Winter Mobility Beyond Snow Tires

How Toronto can make walking and cycling more accessible in winter.

When Mayor Mel Lastman called in the army to shovel the city out of a snowstorm in January 1999, Toronto became a national laughingstock. Three mayors and one ice storm later, snow removal remains a sensitive issue for many who walk, roll, bike, take transit or drive in the winter months. Today, as the city shifts away from car-oriented transportation and development, roads aren’t the only places that need attention after a snowfall.

Sidewalks and bike lanes are increasingly important elements of the winter transportation equation but levels of service [PDF] vary throughout Toronto. In most suburban areas, the city provides mechanical snow shovelling at an annual cost of $13.5 million. However, in many neighbourhoods, especially downtown, narrow sidewalks and street parking prevent mechanical snow clearance. In these areas, property owners are responsible for clearing their own sidewalks and the city spends $1.16 million on manual snow shovelling for seniors and persons with disabilities.

City of Toronto Sidewalk Plowing

Map of mechanical snow clearance from the City of Toronto.

In addition to the costs associated with winter sidewalk clearance, the City receives an average of 390 slip and fall claims per year, with an average value of $32,000 per claim. Some quick math suggests that claims cost almost much as mechanical and manual snow shoveling combined. This raises the question of whether improved services to clear sidewalks could actually save the City money, as well as creating a more accessible and inviting streetscape in winter.

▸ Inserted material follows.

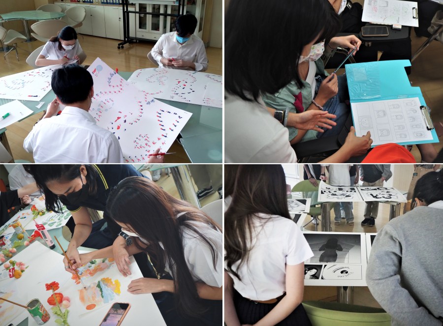 March 29, 2022. Fourth and final guest lecture/workshop for the semester. The Inter CommArts students of my Imaginative Communication course welcomed Thai artist Isaree Pipatpongsa (Izary P. Pipat). Khun Isaree talked about her thesis Rape culture awareness campaign through the female perspectives and Shojo Manga influences (School of Fine and Applied Arts, Bangkok University), with an introduction to the history of Shōjo Manga, her take on the genre to address the issue of Rape Culture in Thailand, her thesis process and design concepts, and a presentation of the resulting [and stunning] A1 comics digital prints, animation and journey kit. The students then participated in a workshop, revisiting Shōjo Manga pages with various techniques (drawing, tracing paper layers, screentones, diplopia effect, collage…) to reveal insidious aspects of the Rape Culture. It was a fascinating talk and highly meaningful and creative workshop! [All safety measures were respected with mandatory masks, hand-washing, and ATK tests before the lesson for all participants].

However, sidewalks are only one piece of the puzzle to reduce car dependency and encourage yearlong active transportation. In 2014, the city introduced a desired pavement condition for bike lanes and in 2015 several bike lanes were prioritized for service at an estimated cost of $650,000 per year. Extending snow clearance to bike lanes is a logical extension of increasing the network of cycling infrastructure since winter ridership maximizes the return on investment.

Yet, the slippery paradox of segregated bike lanes is that areas of the road without motor traffic are actually more difficult to keep clear of snow. Although pilot projects involving varying levels of salt and other de-icers are an improvement over recent years when bike lanes became snow storage, winter maintenance of bike lanes is still being rolled out across the city and is far from an exact science.

From getting out the door, to planning daily commutes and making transfers between different forms of transit, the conditions of sidewalks and bike lanes are crucial to ensuring that alternatives to car use remain viable all year long. In the winter more than any other season, active transportation is about sharing not just the road but also the sidewalk.